- Michael Clegg in a 1987 episode of Clegg's People
- Born: Michael Clegg 19 February 1933 Birdwell, West Riding of Yorkshire, England
- Died: 12 July 1995 (aged 62)
- Occupations: Museum curator; Naturalist; Radio broadcaster; Television presenter;

Academic work
- Discipline: Natural Sciences
- Institutions: Sheffield University; Woodend Museum; Doncaster Museum and Art Gallery; Bagshaw Museum; Dundee Museum; Yorkshire Museum; University of Hull;

= Michael Clegg (naturalist) =

British biologist (1933–1995)

Thomas Michael Clegg (19 February 1933 - 12 July 1995) was a British museum curator, naturalist, and television presenter.

==Early life==
Clegg was born in Birdwell, in the then West Riding of Yorkshire and attended Ecclesfield School.

==Career==
Prior to 1952, Clegg worked as a laboratory technician under Hans Adolf Krebs at Sheffield University's biochemistry department. From 1952 to 1955 he was a Junior Assistant in Natural History at the Sheffield City Museum, which he left between 1955 and 1959 to work at the Woodend Museum in Scarborough as the Assistant Curator before returning to the museum at Sheffield as Natural History Assistant in October 1959. From June 1963 until November 1966, Clegg was the Keeper of Natural Sciences at Doncaster Museum and Art Gallery before, in December 1966 moving to become the Curator of the Bagshaw Museum. He remained in this post until autumn of 1968 when he took up the position of Deputy Director of Dundee Museum, a post in which he remained for six years. In November 1974 he returned to Yorkshire as the Keeper of the Yorkshire Museum which was to be his final curatorship.

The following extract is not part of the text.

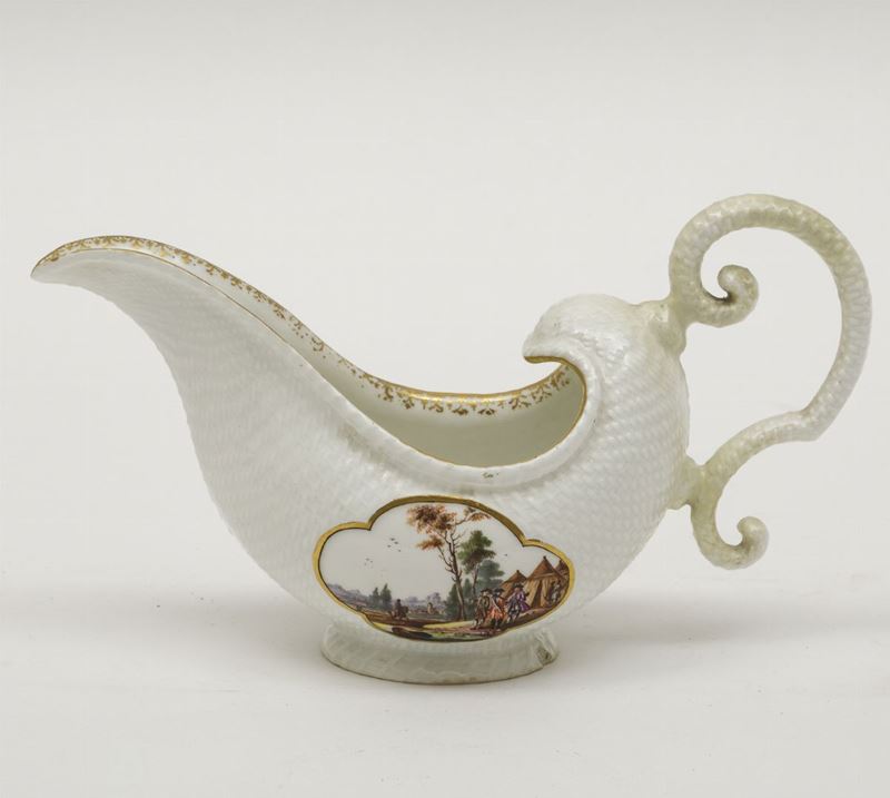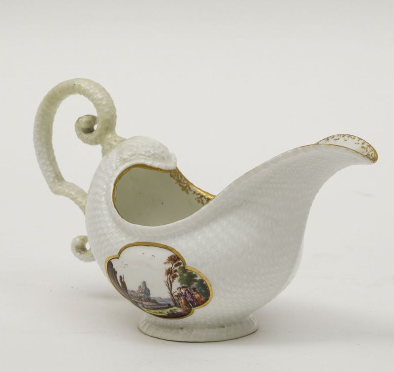 La salsiera, dall’armoniosa forma panciuta e manico a voluta, ha la parete esterna a rilievo come un canestro di vimini intrecciato escluse le due riserve sui due lati che sono lisce. Queste, quadrilobate e incorniciate da una profilatura in oro e nero, ospitano scene animate in paesaggi sassoni in policromia. In una troviamo dei soldati davanti a un accampamento con tende e nell’altra una nobile famiglia a passeggio e di lato un monumento. Al bordo interno nastro a rocailles vegetali stilizzate in oro

From 1982 Clegg was a freelance presenter. He presented 'Country Calendar', 'Strictly for the Birds' and 'Clegg's People' for Yorkshire Television, the latter of which ran for ten series as well as a number of programmes for the BBC. He also enjoyed an active radio career, contributing to various local and national natural history programmes and was the resident 'professional naturalist' on the BBC Radio 2 programme 'The Conch Quiz'. He wrote columns for the Dundee Courier and the Yorkshire Evening Post.

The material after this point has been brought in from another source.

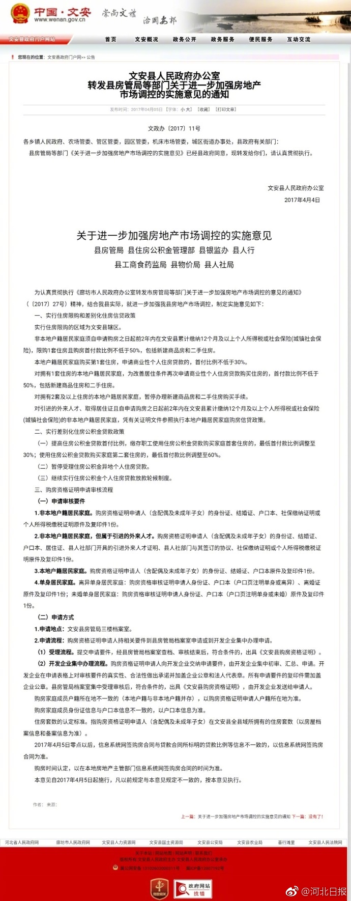 [霸州、文安限購!外地戶口限購1套,首付50%]4月4日霸州市和文安縣相關(guān)部門分別出臺各自《關(guān)于進一步加強房地產(chǎn)市場調(diào)控的實施意見》,文件中均明確非本地戶籍居民家庭須自申請

He was an extra mural lecturer for various universities, including Hull, where he was made an honorary fellow in the Department of Adult Education. He was involved with many natural history groups, his various positions includeming president of the Yorkshire Wildlife Trust and of the Yorkshire Naturalists' Union, along with vice presidencies of the Leeds Urban Wildlife Group, York Ornithologist's Club and Rossington Natural History Society.

Clegg was a fellow of the Museums Association and was awarded an honorary Doctor of Science degree by the University of Hull in 1993.

==Legacy==
In 2004, a newly created hay meadow nature reserve at Broomhill Flash (near Wombwell, South Yorkshire) was named 'Clegg's Meadow' in recognition of Clegg's work campaigning for the protection of wildlife sites in the area.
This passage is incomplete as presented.